▸ **Task prompt**:
Retype the data below exactly; skip every image.

▸ **Information given**:
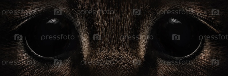 Черные глаза лохматого зверя крупным планом
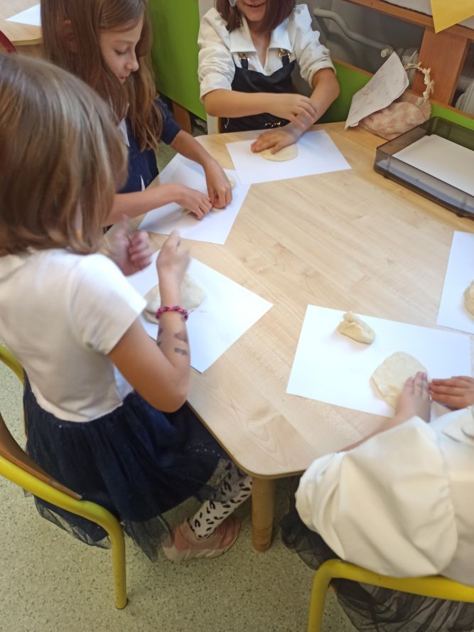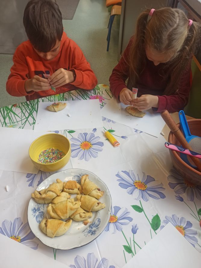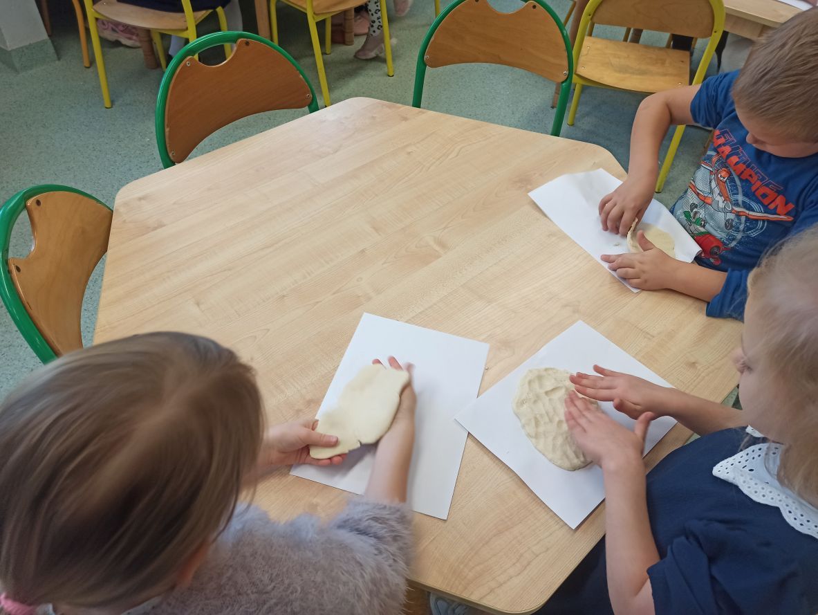 Podczas jednych z zajęć dzieci przygotowywały rogale z masy solnej, poznając przy tym listopadowe tradycje. Każdy uczeń ulepił rogalik i ozdobił go według własnego pomysłu.
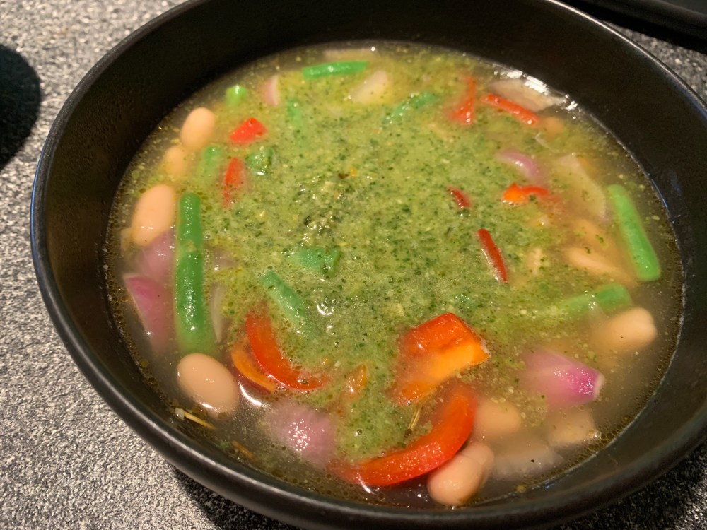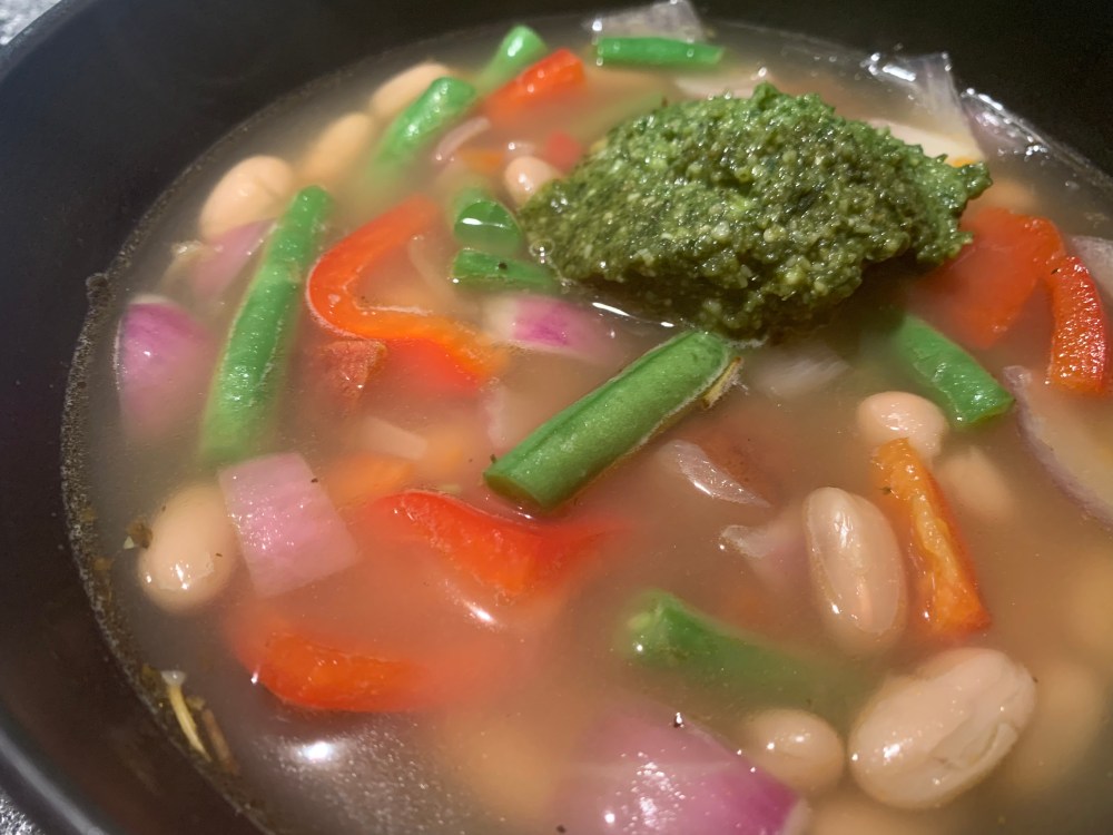 This is onions, red peppers, green beans, carrots and white beans. Add pasta if you like. The basil permeates the broth and makes a plain soup something very special.
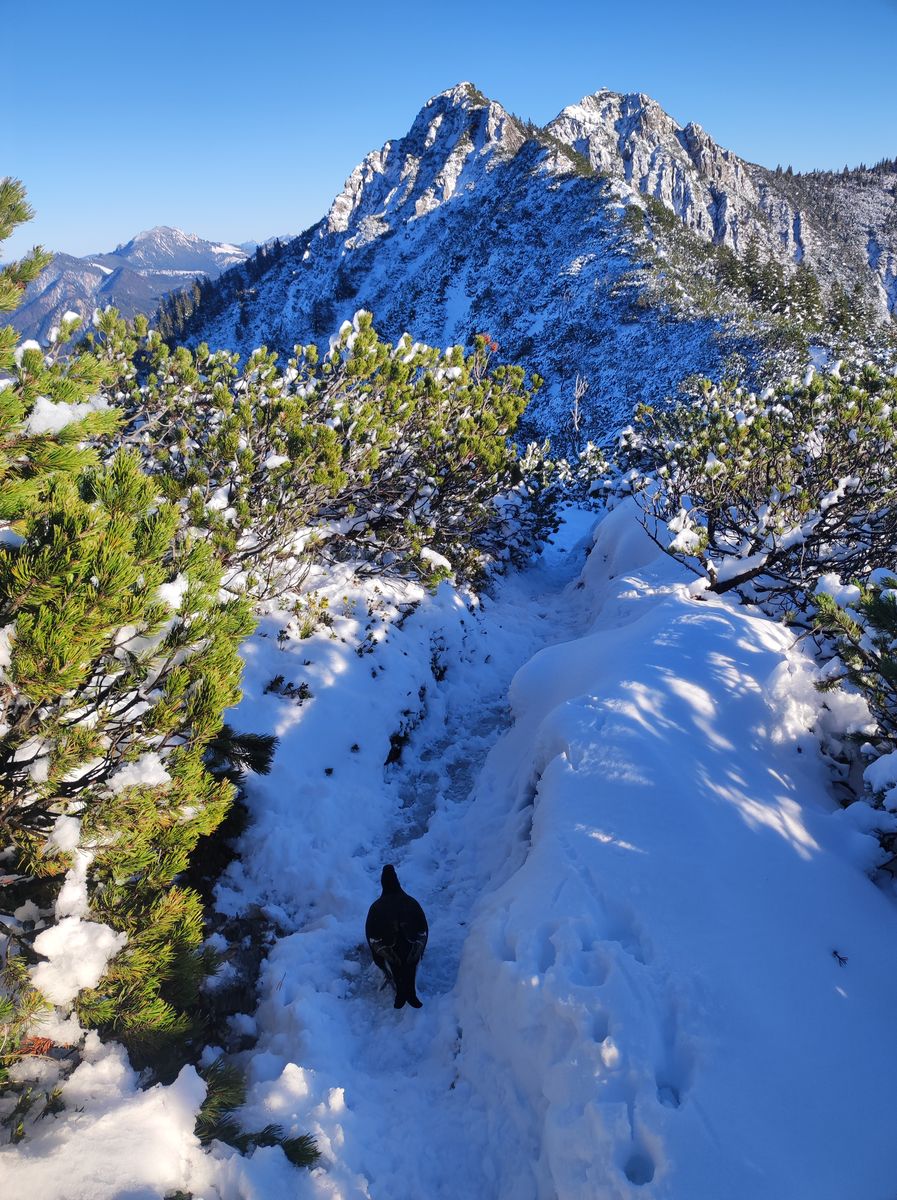 Ich bin über die Ostroute auf den Heimgarten, dann über den Grat zum Herzogstand und auf dem Südsteig wieder runter. Schnee liegt südseitig ab ca. 1500, nordseitig ab 1100. Die Schneehöhe liegt bei maximal 10-15 cm; zum Wandern also perfekt. Grödel brauchte es heute Nachmittag nicht (Ich bin mittags nach der Arbeit gestartet.)
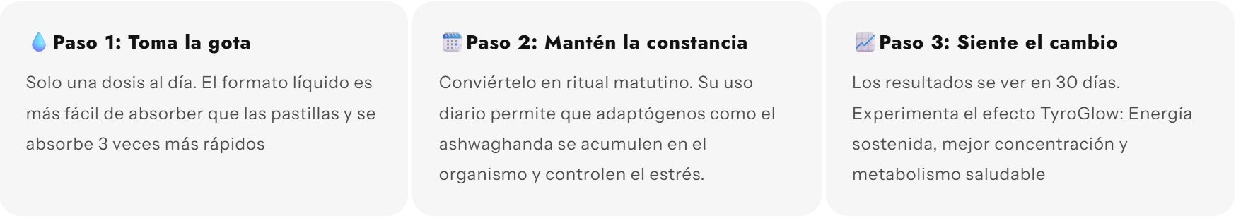 ¡Para nada! Sabemos que muchos suplementos líquidos tienen un sabor terrible. TyroGlow está formulado para tener un gusto muy suave y amigable. Podés aplicarlo directo debajo de la lengua, o si sos más sensible a los sabores, diluir el gotero en tu café de la mañana, un vaso de agua o tu batido. ¡Ni te vas a dar cuenta de que lo estás tomando!

▸ **Answer box**:
 Черные глаза лохматого зверя крупным планом
 Podczas jednych z zajęć dzieci przygotowywały rogale z masy solnej, poznając przy tym listopadowe tradycje. Każdy uczeń ulepił rogalik i ozdobił go według własnego pomysłu.
 This is onions, red peppers, green beans, carrots and white beans. Add pasta if you like. The basil permeates the broth and makes a plain soup something very special.
 Ich bin über die Ostroute auf den Heimgarten, dann über den Grat zum Herzogstand und auf dem Südsteig wieder runter. Schnee liegt südseitig ab ca. 1500, nordseitig ab 1100. Die Schneehöhe liegt bei maximal 10-15 cm; zum Wandern also perfekt. Grödel brauchte es heute Nachmittag nicht (Ich bin mittags nach der Arbeit gestartet.)
 ¡Para nada! Sabemos que muchos suplementos líquidos tienen un sabor terrible. TyroGlow está formulado para tener un gusto muy suave y amigable. Podés aplicarlo directo debajo de la lengua, o si sos más sensible a los sabores, diluir el gotero en tu café de la mañana, un vaso de agua o tu batido. ¡Ni te vas a dar cuenta de que lo estás tomando!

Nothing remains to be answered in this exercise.